Ag is used as a high-conductivity metal material, has stable physicochemical properties, can be used as a catalyst in a gas-sensitive material due to high electron mobility, and improves the reaction activity and finally the gas-sensitive performance by increasing the electron mobility in the material. In order to realize the detection technology of gas sensitivity under the condition of room temperature, Ag-simple-substance-doped SnO2The graphene composite aerogel can effectively prevent the agglomeration of metal oxides and the overlapping of graphene layers, and can improve the electrical, chemical and physical properties of materials, thereby being a novel gas sensing deviceAnd (5) feeding.
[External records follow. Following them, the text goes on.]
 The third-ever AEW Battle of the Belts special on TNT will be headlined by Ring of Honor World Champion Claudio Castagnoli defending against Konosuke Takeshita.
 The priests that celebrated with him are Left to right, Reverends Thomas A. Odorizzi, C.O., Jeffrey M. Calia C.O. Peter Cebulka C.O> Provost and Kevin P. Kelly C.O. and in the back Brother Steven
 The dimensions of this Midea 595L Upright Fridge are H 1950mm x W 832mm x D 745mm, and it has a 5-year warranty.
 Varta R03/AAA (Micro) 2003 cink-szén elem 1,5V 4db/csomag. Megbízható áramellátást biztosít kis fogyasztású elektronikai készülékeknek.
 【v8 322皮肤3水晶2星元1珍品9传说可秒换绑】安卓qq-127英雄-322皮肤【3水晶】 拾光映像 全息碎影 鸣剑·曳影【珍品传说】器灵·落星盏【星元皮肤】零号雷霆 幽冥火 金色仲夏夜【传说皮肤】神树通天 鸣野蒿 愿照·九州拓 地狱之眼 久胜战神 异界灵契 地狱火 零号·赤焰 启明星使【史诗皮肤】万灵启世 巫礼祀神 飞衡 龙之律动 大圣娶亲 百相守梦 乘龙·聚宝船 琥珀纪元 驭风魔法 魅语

The Xiaoguo of the university of technology in southwest utilizes the self redox reaction between graphene oxide and stannous chloride dihydrate to prepare SnO by ultrasonically dispersing graphene oxide and ultrasonically mixing two substances2rGO composites with 50ppm NO concentration2The response reaches 35%, but the reaction is gentle due to the small specific surface area, and the sensitivity is low. Zusasai et al, university of Henan industry, propose an Ag/SnO2The novel gas-sensitive material with good responsiveness to trimethylamine gas at 220 ℃ is obtained from the/rGO nano composite material, and the electron mobility of the material is improved by adding the metal Ag simple substance, so that the overall sensitivity is improved, but the powder material has a compact structure, so that the recovery time is too long, and practical application is difficult to carry out. Therefore, the improvement of the specific surface area and the porosity is a research object for preparing the gas-sensitive material with high sensitivity, high recovery performance and high cycle rate.
Disclosure of Invention
The invention aims to improve the defects of the prior art and provides Ag-SnO2-preparation method of rGO aerogel gas sensitive material.
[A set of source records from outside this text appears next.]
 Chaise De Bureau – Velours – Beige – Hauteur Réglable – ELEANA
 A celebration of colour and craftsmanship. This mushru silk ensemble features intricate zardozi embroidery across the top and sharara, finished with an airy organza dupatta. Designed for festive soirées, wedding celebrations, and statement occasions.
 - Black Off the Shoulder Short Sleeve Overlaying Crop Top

The technical scheme of the invention is as follows: in the preparation of SnO2On the basis of the graphene composite material, simple substance Ag nano particles are doped, and the activation energy of the reaction is reduced by adding a metal catalyst, so that the sensing effect of the gas sensitive material is improved. The doping of the simple substance Ag not only improves the gas-sensitive property of the material, but also avoids SnO caused by undersize particles2Agglomeration and graphene layer overlap. The reducing agent of the aerogel is introduced into the graphene oxide, so that the reduction of the graphene oxide can be effectively promoted, and a three-dimensional porous network structure is formed.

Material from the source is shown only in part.